AIM OF THE TASK — For the entries below, print exactly the lines between the line holding "A vintage pocket" and the line holding "looking online this", inclusive, and nothing else.

THE RECORDS —
>>>
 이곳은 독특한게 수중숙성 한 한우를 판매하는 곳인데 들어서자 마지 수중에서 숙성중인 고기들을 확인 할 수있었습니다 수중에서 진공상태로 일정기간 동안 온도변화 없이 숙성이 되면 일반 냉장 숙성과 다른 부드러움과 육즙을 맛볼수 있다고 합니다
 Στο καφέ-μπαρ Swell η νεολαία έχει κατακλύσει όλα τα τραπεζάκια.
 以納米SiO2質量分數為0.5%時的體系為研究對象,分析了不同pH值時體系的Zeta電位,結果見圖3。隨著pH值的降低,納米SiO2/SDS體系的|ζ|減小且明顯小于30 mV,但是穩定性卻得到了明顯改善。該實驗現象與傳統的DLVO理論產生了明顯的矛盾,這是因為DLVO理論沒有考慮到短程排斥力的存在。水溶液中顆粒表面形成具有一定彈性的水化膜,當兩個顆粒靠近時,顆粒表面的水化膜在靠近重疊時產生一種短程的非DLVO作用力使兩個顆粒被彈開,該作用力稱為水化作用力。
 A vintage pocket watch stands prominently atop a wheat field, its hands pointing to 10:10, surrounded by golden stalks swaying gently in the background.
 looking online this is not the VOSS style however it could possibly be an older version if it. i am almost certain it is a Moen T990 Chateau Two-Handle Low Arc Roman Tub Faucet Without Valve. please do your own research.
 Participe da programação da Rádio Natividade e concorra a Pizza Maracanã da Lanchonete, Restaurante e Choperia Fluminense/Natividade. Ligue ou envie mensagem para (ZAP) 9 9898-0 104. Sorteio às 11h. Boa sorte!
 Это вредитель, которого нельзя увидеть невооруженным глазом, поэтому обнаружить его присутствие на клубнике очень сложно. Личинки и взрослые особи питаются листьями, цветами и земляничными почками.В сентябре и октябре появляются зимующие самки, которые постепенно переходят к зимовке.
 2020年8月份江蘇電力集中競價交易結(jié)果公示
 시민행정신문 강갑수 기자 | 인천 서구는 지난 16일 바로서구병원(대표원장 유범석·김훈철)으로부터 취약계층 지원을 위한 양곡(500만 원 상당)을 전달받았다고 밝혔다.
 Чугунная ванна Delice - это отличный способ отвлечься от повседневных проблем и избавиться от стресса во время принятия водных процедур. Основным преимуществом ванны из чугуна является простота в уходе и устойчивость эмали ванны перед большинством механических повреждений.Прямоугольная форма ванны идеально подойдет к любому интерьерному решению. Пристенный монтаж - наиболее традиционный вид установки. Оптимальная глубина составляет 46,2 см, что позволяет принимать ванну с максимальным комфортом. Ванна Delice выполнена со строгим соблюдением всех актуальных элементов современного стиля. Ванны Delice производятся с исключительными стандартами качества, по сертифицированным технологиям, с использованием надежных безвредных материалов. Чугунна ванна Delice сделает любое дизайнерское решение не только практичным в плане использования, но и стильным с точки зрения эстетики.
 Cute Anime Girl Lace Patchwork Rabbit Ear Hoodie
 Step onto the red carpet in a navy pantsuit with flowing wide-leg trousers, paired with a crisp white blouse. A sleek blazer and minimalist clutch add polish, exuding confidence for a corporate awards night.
<<<
>>>
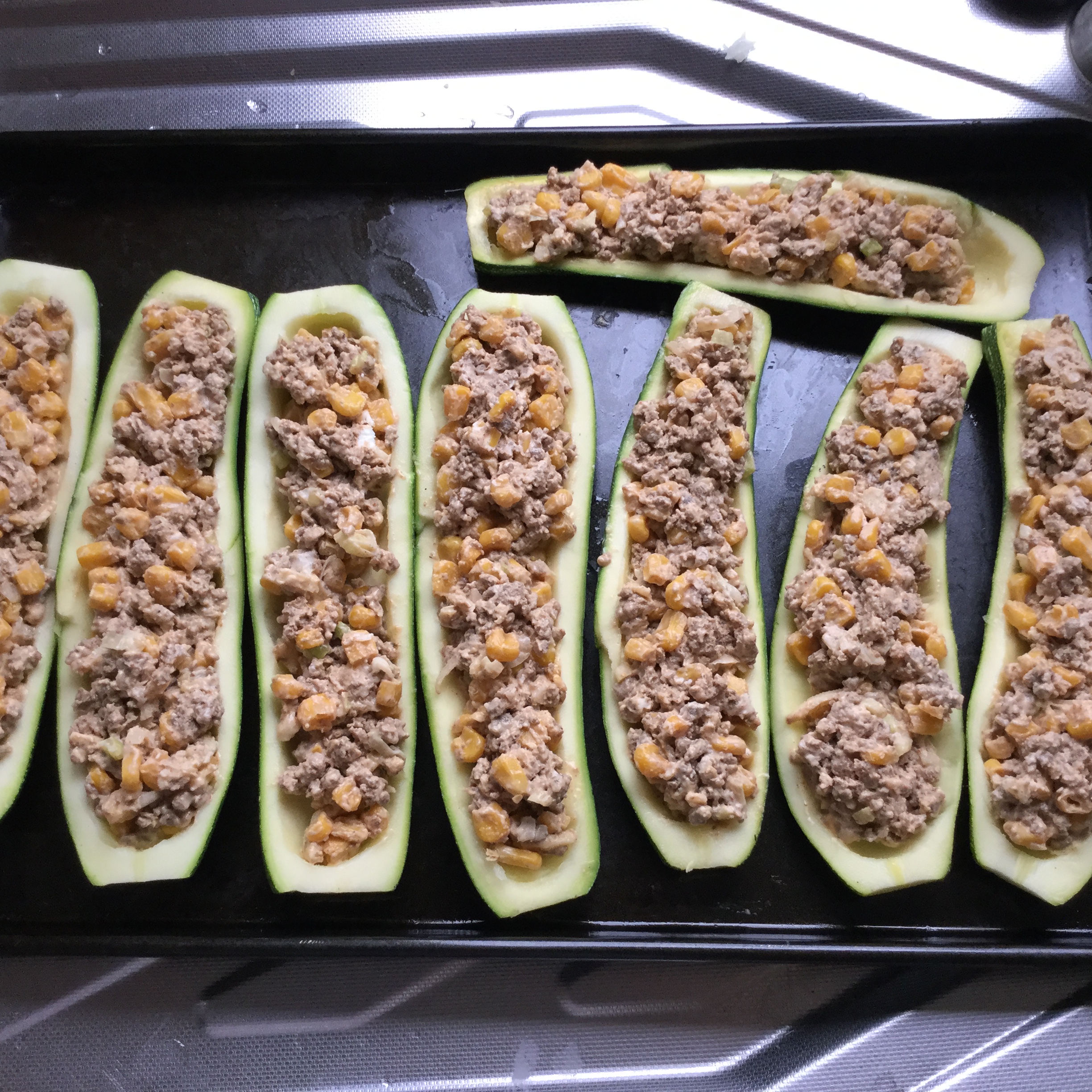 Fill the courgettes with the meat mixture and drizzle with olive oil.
<<<
EXERCISE RESULT —
 A vintage pocket watch stands prominently atop a wheat field, its hands pointing to 10:10, surrounded by golden stalks swaying gently in the background.
 looking online this is not the VOSS style however it could possibly be an older version if it. i am almost certain it is a Moen T990 Chateau Two-Handle Low Arc Roman Tub Faucet Without Valve. please do your own research.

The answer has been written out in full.